__Recorded data__.
════

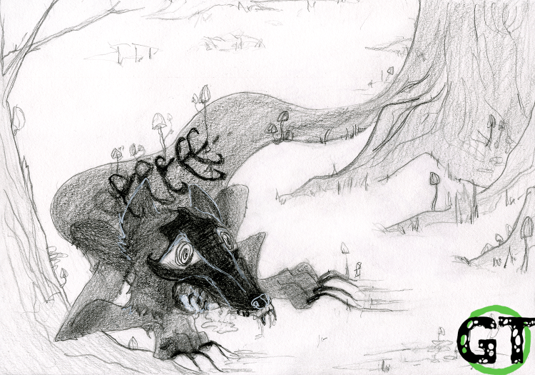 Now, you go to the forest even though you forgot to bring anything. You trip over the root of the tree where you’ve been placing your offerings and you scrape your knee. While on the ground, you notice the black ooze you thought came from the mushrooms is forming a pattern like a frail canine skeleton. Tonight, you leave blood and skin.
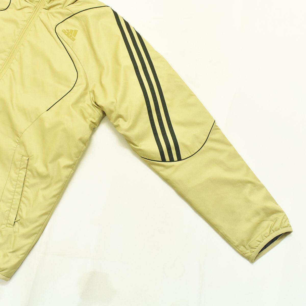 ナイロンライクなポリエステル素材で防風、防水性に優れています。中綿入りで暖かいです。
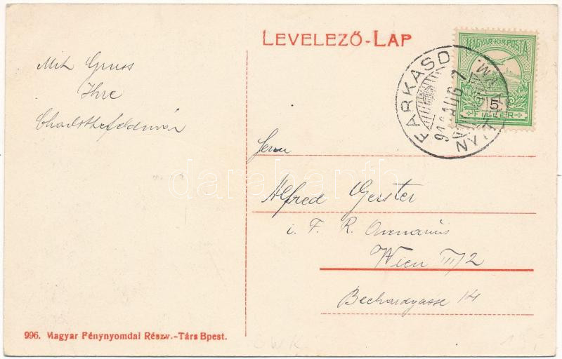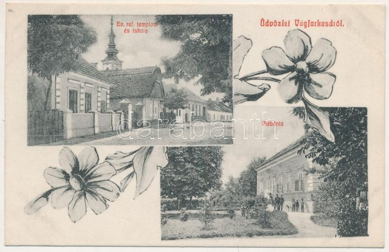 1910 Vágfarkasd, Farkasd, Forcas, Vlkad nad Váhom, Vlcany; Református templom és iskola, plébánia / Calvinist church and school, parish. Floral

════

__Prompt__. Only the lines from the one containing "ナイロンライクなポリエステル" through the last line of the material should be returned, exactly and without pictures.

__Answer to the exercise__.
 ナイロンライクなポリエステル素材で防風、防水性に優れています。中綿入りで暖かいです。
 1910 Vágfarkasd, Farkasd, Forcas, Vlkad nad Váhom, Vlcany; Református templom és iskola, plébánia / Calvinist church and school, parish. Floral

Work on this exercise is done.